The owner of the Atlanta Hawks released an email he wrote two years ago and is now selling his team. Because the email was racist. Because the NBA has set a precedent now because of Sterling. But the two incidents are so far removed. (Not going to get in to the whole what you say in your home being released to the public side, that's a different argument) Sterling had shown his attitudes over and over. He was a slum lord who called Hispanic people vermin. He had said and done things in the past that showed his attitudes. The Hawks owner? Well he wrote an email highlighting what he thought were marketing issues. A lot boiled down to because they had such a large African American fan base whites felt that it wasn't a safe place for them to come. Is that a racist statement? Absolutely. But is it his racism or a true statement of race relations in the states?

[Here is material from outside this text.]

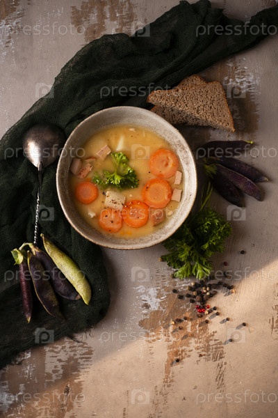 Свежий домашний гороховый суп со свежими листьями петрушки, стручками гороха и двумя ломтиками хлеба на бежевом фоне и темно-зеленой кухонной тканью на деревенской кухне, плоская планировка, вид сверху
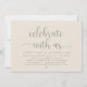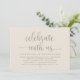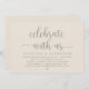 Modernes, minimalistisches Skript, dunkelgraues Creme-Thema, Hochzeitsempfangskarte (feiern Sie mit uns). Es ist perfekt für Ihren Hochzeitsfeier Empfang / Post Hochzeitsfeier Party. Fügen Sie Ihre Daten hinzu.

And that is the bigger question for me. And the one we need to address.

But how do you even begin to talk about it, to talk about how black people and white people might possibly hold unflattering views of each other strictly based on skin color when you can't talk about it without worry you will be branded racists? And not just blacks and whites but all races? How do you address a problem when no one feels like they can talk about the problem?

Last year when the 49ers and the Seahawks played Richard Sherman did the trash talk heard round the world after the game. And then did a masterful job of branding anyone who thought it was classless a racist. Now he didn't have to work too hard because plenty of people posted extremely racist things about it. Which is also the problem. I thought he was a jerk. I posted something about keeping it classy at the time. And then whenever I would talk about it with someone they would jump on me that he couldn't be a thug because he went to Stanford. Two things, going to Stanford means you had classes not that you have class. And two I didn't say he was a thug. I said he showed a lack of class. The last NFL player I had called a thug was Clay Matthews. But because there were racists out there saying horrid things you (I) couldn't say that you thought it was a bad move without being branded racist.

You won't date me because you don't date black guys.

Look at any posting about Obama. You get the people who say "Can't say anything bad about him or I will be branded a racist" not understanding that two posts above them someone called him a monkey. AND if you bring up Al Sharpton and Jesse Jackson when you are discussing things that don't involve them you do come across as a racist. Also, if you say you have a problem with his policies you aren't a racist but if you say he's a little uppity in how he talks to congress...well...So yeah..it's frustrating. I get it. The people who are shit for brains close avenues down for actual discussion.

Which is a problem.

Because we do have problems. Serious ones. Generational ones. Entrenched ones. And we need to find some way of talking about them. Because if we can't even talk about them, we can never fix them.